▶ TASK DETAILS:
An acceptable answer contains every record below, unchanged, and no pictures.

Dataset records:
┌──
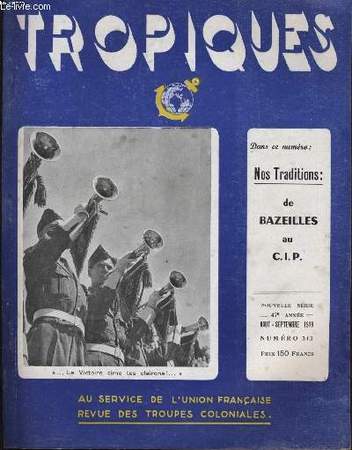 "Bazeilles par CAPITAINE COGNIET ; Le musés de traditions des troupes coloniales par S.E.I.T.C. ; Histoire de la ""revue des troupes coloniales"" par S.E.I.T.C. ; L'almanach du Marsouin par Le Cdt CHAILLEY ; Gestes sublimes ; Le C.I.P. par HERAL ; Le mot du colonel ; Hymne de l'Infanterie de Marine ; Nouvelles de l'Arme ; L'hommage à marchand par M.C. ; Bibliographie ; Partie oficielle Classification Dewey : 900-GEOGRAPHIE, HISTOIRE, SCIENCES AUXILIAIRES DE L'HISTOIRE"
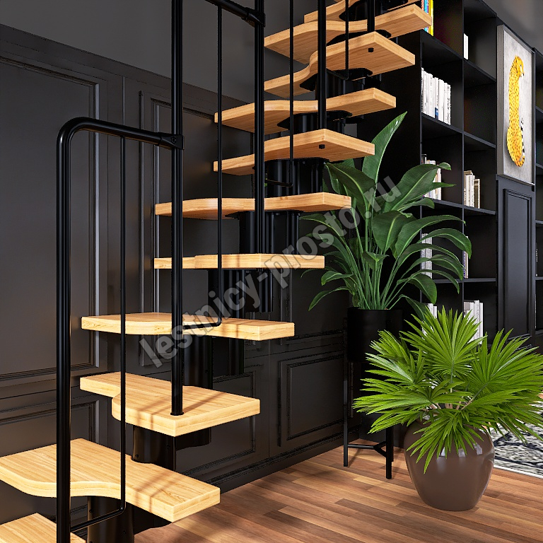 Лестница Prosto Urban Black гусиный шаг 700 мм/Ступени из срощенного ясеня
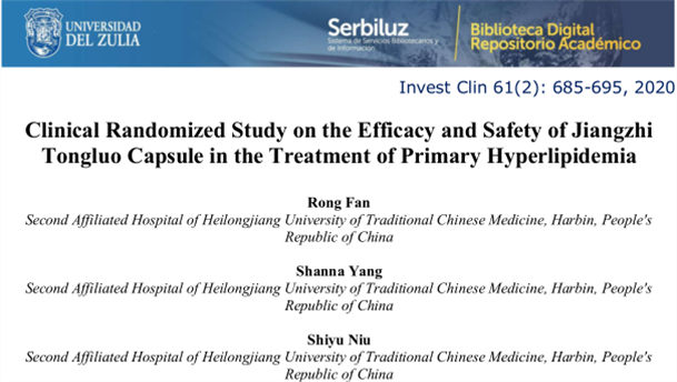 降脂通络软胶囊有效性及安全性研究成果在SCI期刊《INVESTIGACION CLINICA》上发表
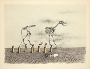 Cache-toi guerre ! Cycle de neuf dessins [de Toyen] 1944. Poème de J. Heisler. Sans lieu [Paris, aux dépens de Toyen], mai 1947.
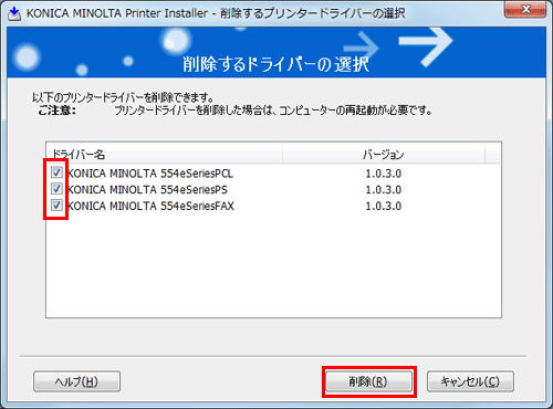 スタートメニューから[すべてのプログラム](または[プログラム])-[KONICA MINOLTA]-[554eSeries(PS_PCL_FAX)] /[554eSeries(XPS)]-[プリンタードライバーの削除]をクリックします。
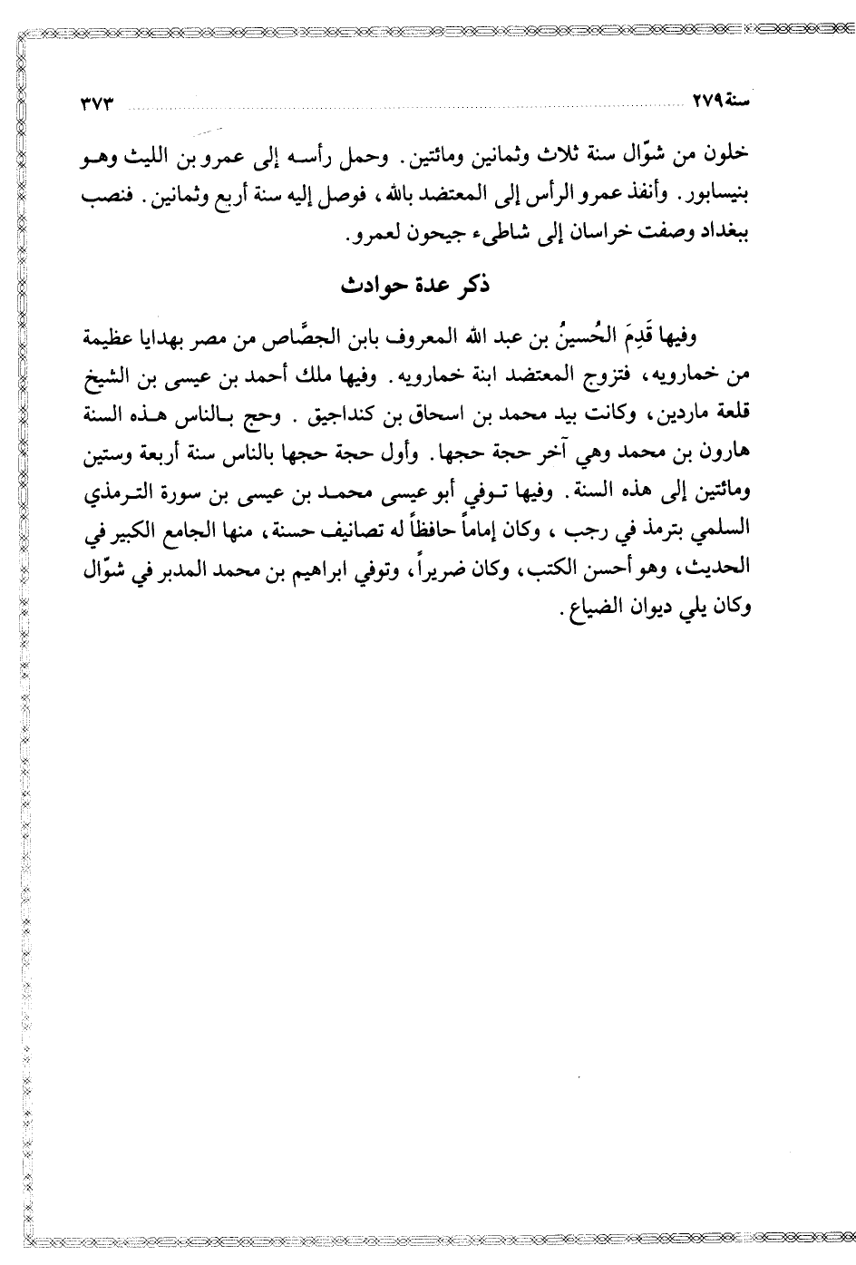 وفيها توفي أبو عيسى محمد بن عيسى بن سورة الترمذي السلمي بترمذ في رجب وكان إماما حافظا له تصانيف حسنة منها الجامع الكبير في الحديث وهو أحسن الكتب وكان ضريرا وتوفي إبراهيم بن محمد المدبر في شوال وكان يلي ديوان الضياع
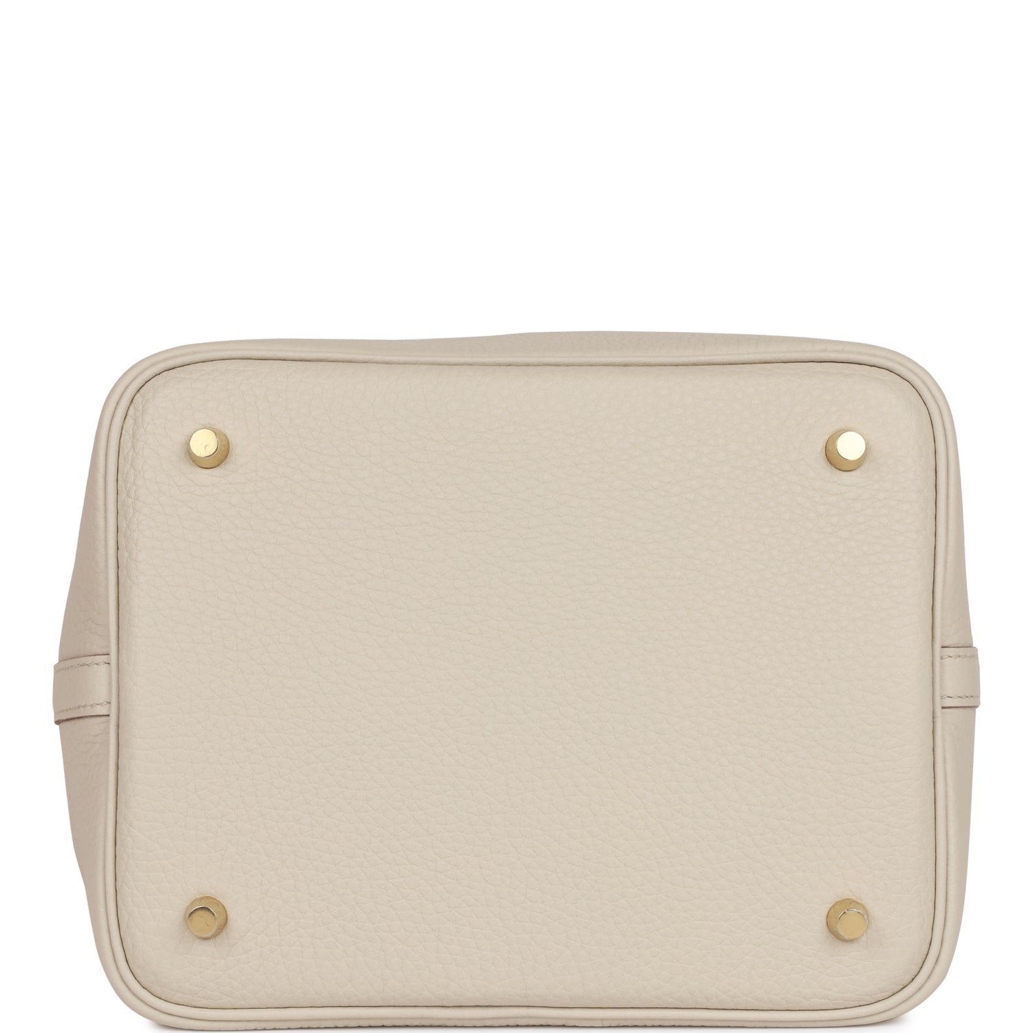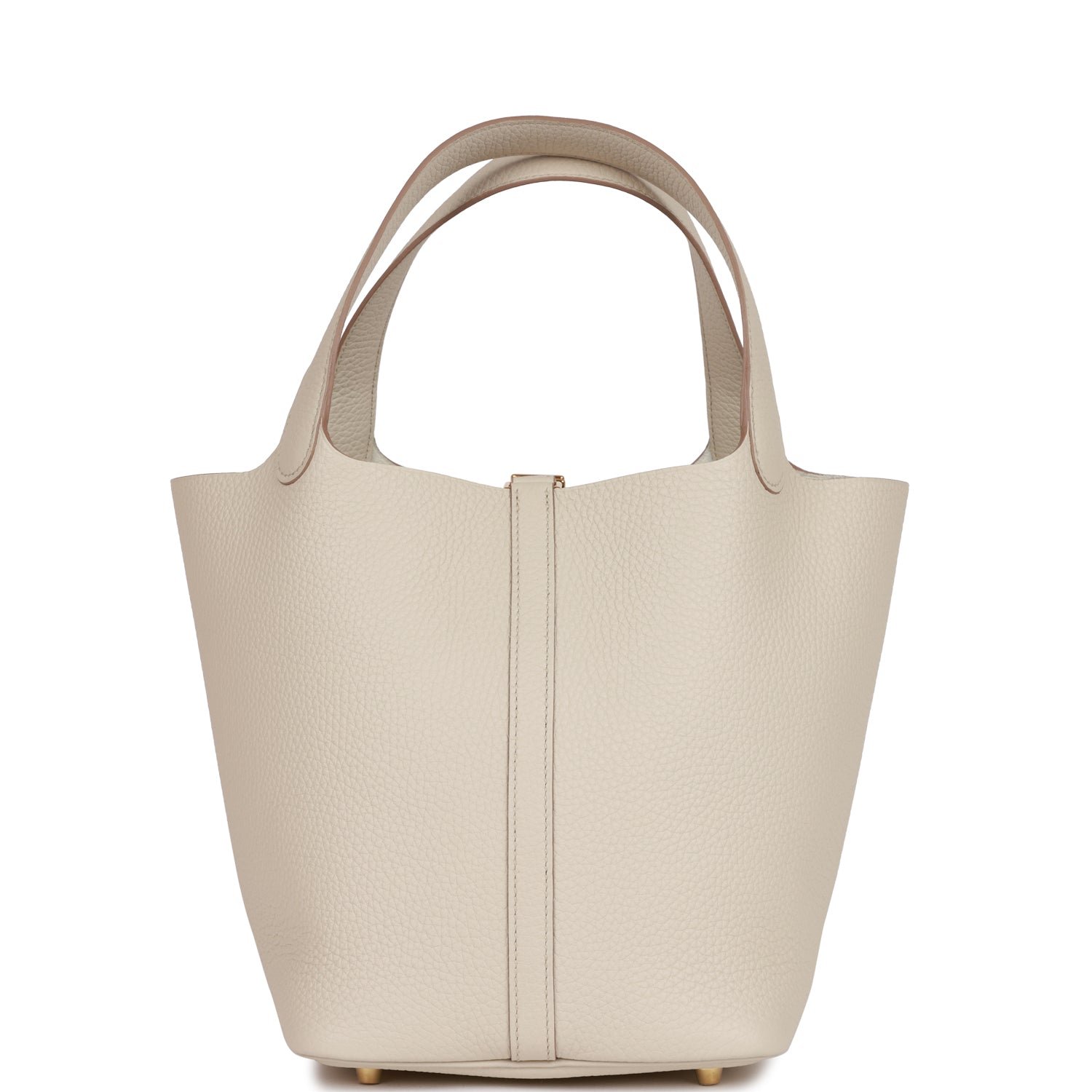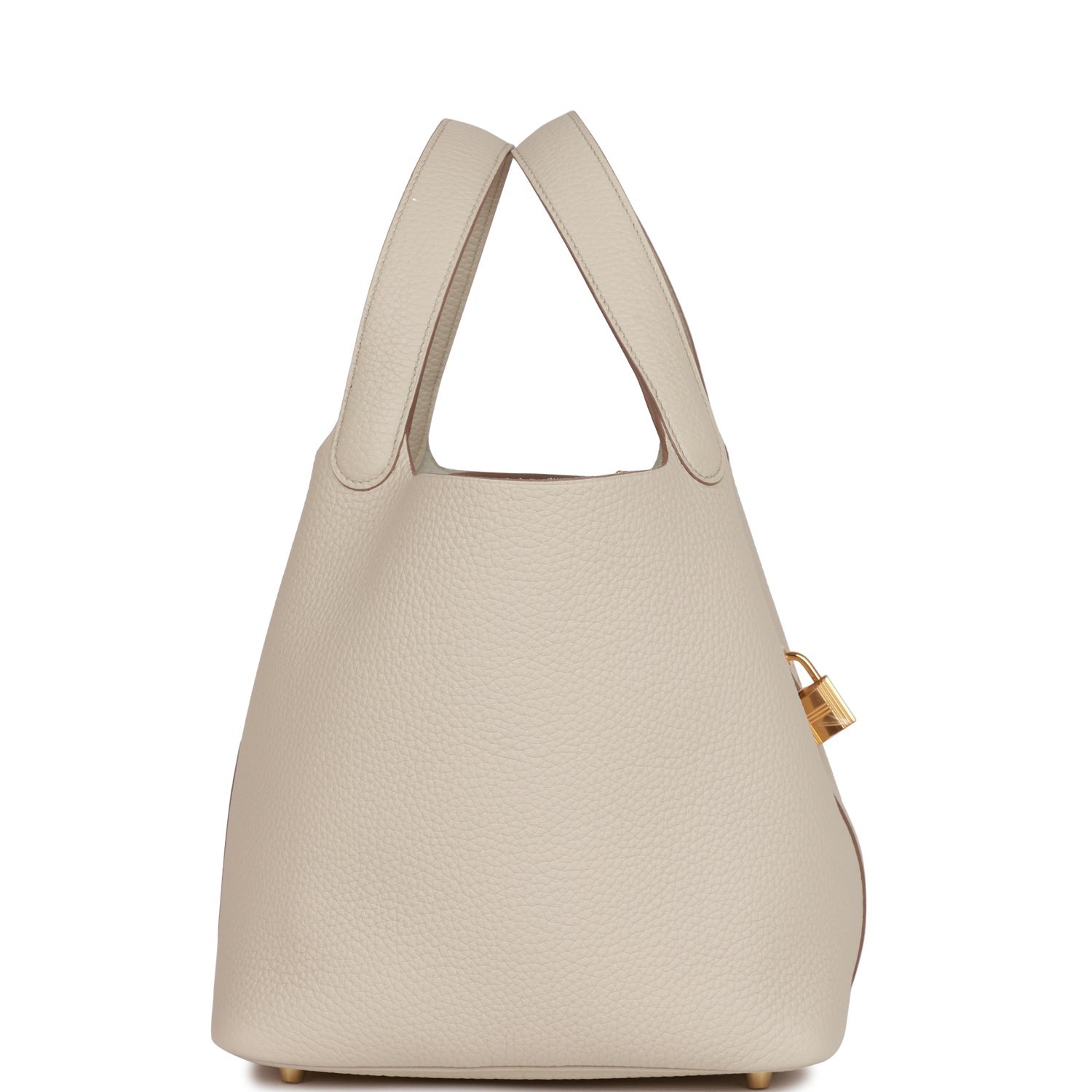 This Picotin is in Beton clemence leather with gold hardware and has tonal stitching with two top handles.The interior is lined with Beton natural leather. no interior pockets and has a pull through closure secured by padlock. Collection: UOrigin: FranceCondition: Pristine; new or never wornAccompanied by: Hermes box. Hermes dustbag. lock. keys. and care bookletMeasurements: 8.3 width x 8.7 height x 6.7 depth; 5 handles
└──
▶ THE ANSWER:
 "Bazeilles par CAPITAINE COGNIET ; Le musés de traditions des troupes coloniales par S.E.I.T.C. ; Histoire de la ""revue des troupes coloniales"" par S.E.I.T.C. ; L'almanach du Marsouin par Le Cdt CHAILLEY ; Gestes sublimes ; Le C.I.P. par HERAL ; Le mot du colonel ; Hymne de l'Infanterie de Marine ; Nouvelles de l'Arme ; L'hommage à marchand par M.C. ; Bibliographie ; Partie oficielle Classification Dewey : 900-GEOGRAPHIE, HISTOIRE, SCIENCES AUXILIAIRES DE L'HISTOIRE"
 Лестница Prosto Urban Black гусиный шаг 700 мм/Ступени из срощенного ясеня
 降脂通络软胶囊有效性及安全性研究成果在SCI期刊《INVESTIGACION CLINICA》上发表
 Cache-toi guerre ! Cycle de neuf dessins [de Toyen] 1944. Poème de J. Heisler. Sans lieu [Paris, aux dépens de Toyen], mai 1947.
 スタートメニューから[すべてのプログラム](または[プログラム])-[KONICA MINOLTA]-[554eSeries(PS_PCL_FAX)] /[554eSeries(XPS)]-[プリンタードライバーの削除]をクリックします。
 وفيها توفي أبو عيسى محمد بن عيسى بن سورة الترمذي السلمي بترمذ في رجب وكان إماما حافظا له تصانيف حسنة منها الجامع الكبير في الحديث وهو أحسن الكتب وكان ضريرا وتوفي إبراهيم بن محمد المدبر في شوال وكان يلي ديوان الضياع
 This Picotin is in Beton clemence leather with gold hardware and has tonal stitching with two top handles.The interior is lined with Beton natural leather. no interior pockets and has a pull through closure secured by padlock. Collection: UOrigin: FranceCondition: Pristine; new or never wornAccompanied by: Hermes box. Hermes dustbag. lock. keys. and care bookletMeasurements: 8.3 width x 8.7 height x 6.7 depth; 5 handles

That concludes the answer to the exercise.